Forgetting the constraint. Without using the constraint to remove a variable, you cannot reduce the problem to a single-variable function you can differentiate.
Ignoring the domain. Negative or zero values often do not make sense for lengths, areas, or volumes, so reject solutions that break the physical setup.
Forgetting to check endpoints on a closed interval. An absolute extremum can occur at an endpoint, not just at a critical point.
Using vague language like "it goes up" in justifications. Refer to $f$ , $f'$ , or $f''$ by name and state the calculus reason.

Vocabulary

The following words are mentioned explicitly in the College Board Course and Exam Description for this topic.

Term	Definition
derivative	The instantaneous rate of change of a function at a specific point, representing the slope of the tangent line to the function at that point.
maximum value	The largest output value that a function attains on a given interval.
minimum value	The smallest output value that a function attains on a given interval.
optimization	The process of finding the minimum or maximum value of a function on a given interval.

Frequently Asked Questions

How do I solve AP Calculus optimization problems?

Identify the quantity to maximize or minimize, write an objective function, use a constraint to make it one variable, take the derivative, find critical points, and verify the maximum or minimum with a derivative test or endpoint check.

What is an objective function in optimization?

The objective function is the quantity you want to optimize, such as area, volume, distance, or cost.

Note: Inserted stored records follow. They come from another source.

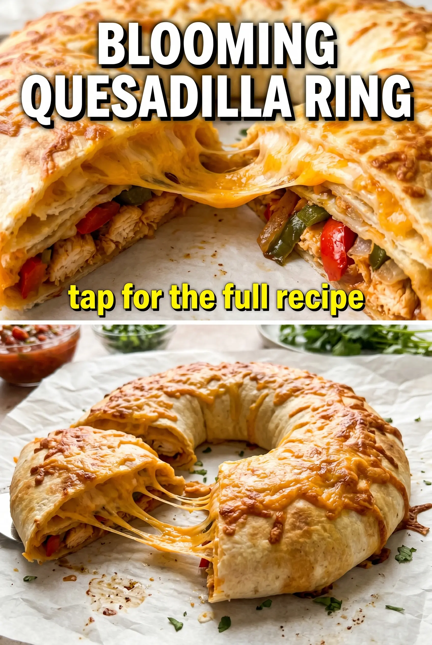 Save this Blooming Quesadilla Ring for the next time you need a crisp, cheesy party appetizer that slices into perfect triangles.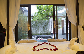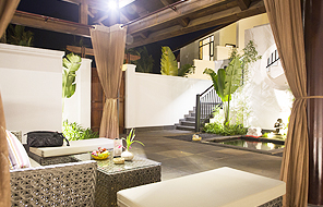 豪華別墅以東南亞風(fēng)格為建筑格調(diào),各棟別墅配有獨立的SPA溫泉池,綠樹掩映。內(nèi)有高挑寬敞的廳堂、亮麗多彩的燈飾、典雅清明的藤木家具、愜意的臥室、造型華貴,頗有豪邁典雅的氣派。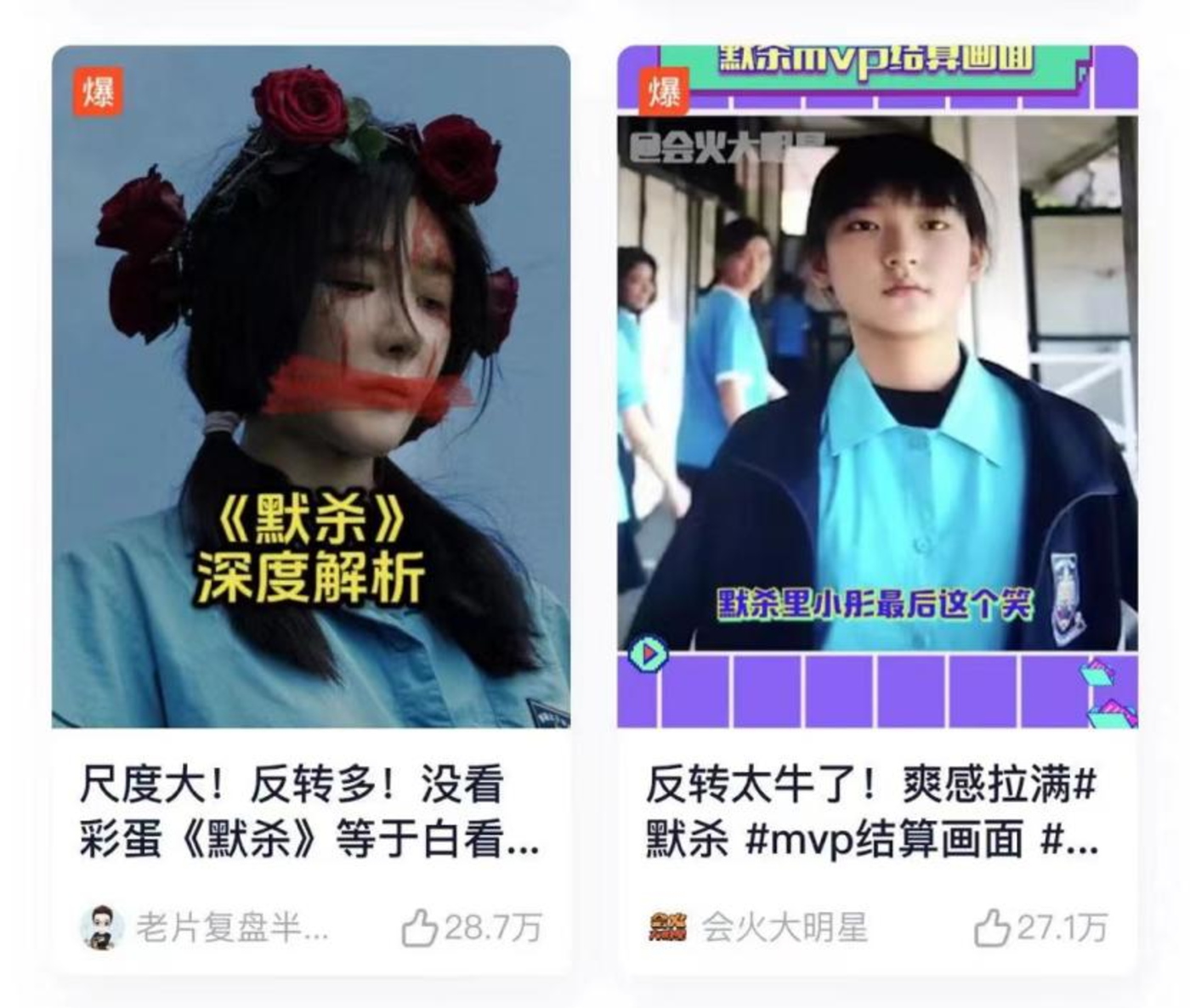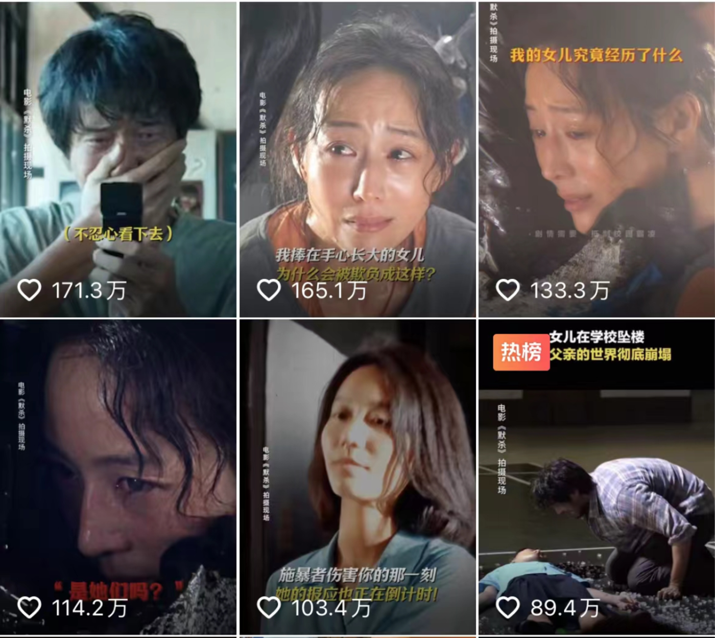《默杀》 找到了这个点。在 《默杀》 的官方抖音账号数据最好的前五条视频里,有四条都是影片开篇女孩被霸凌用胶水粘在墙上的段落。虽然这些片段的过度泛滥,也已经招致不少网友批评,但从效果而言,的确吸引到了不少观众对它的注意。

It often starts with two variables, then a constraint lets you rewrite it as one-variable function.

What is a constraint in an optimization problem?

A constraint is the relationship that links the variables in the situation, such as fixed volume, fixed perimeter, or a geometry formula. You use it to substitute one variable in terms of another.

How do derivatives help with optimization?

Derivatives locate critical points where a function can have a maximum or minimum. After finding where f' is zero or undefined, you still need to confirm the extremum and answer the original question.

Do I need to check endpoints in optimization?

Yes, if the feasible domain is a closed interval. The Extreme Value Theorem says absolute extrema on a closed interval can occur at critical points or endpoints, so check both when endpoints are included.

What is the most common optimization mistake?

The most common mistake is stopping at the critical x-value. Many problems ask for dimensions, a maximum value, a minimum cost, or an ordered pair, so substitute back and answer the question in context.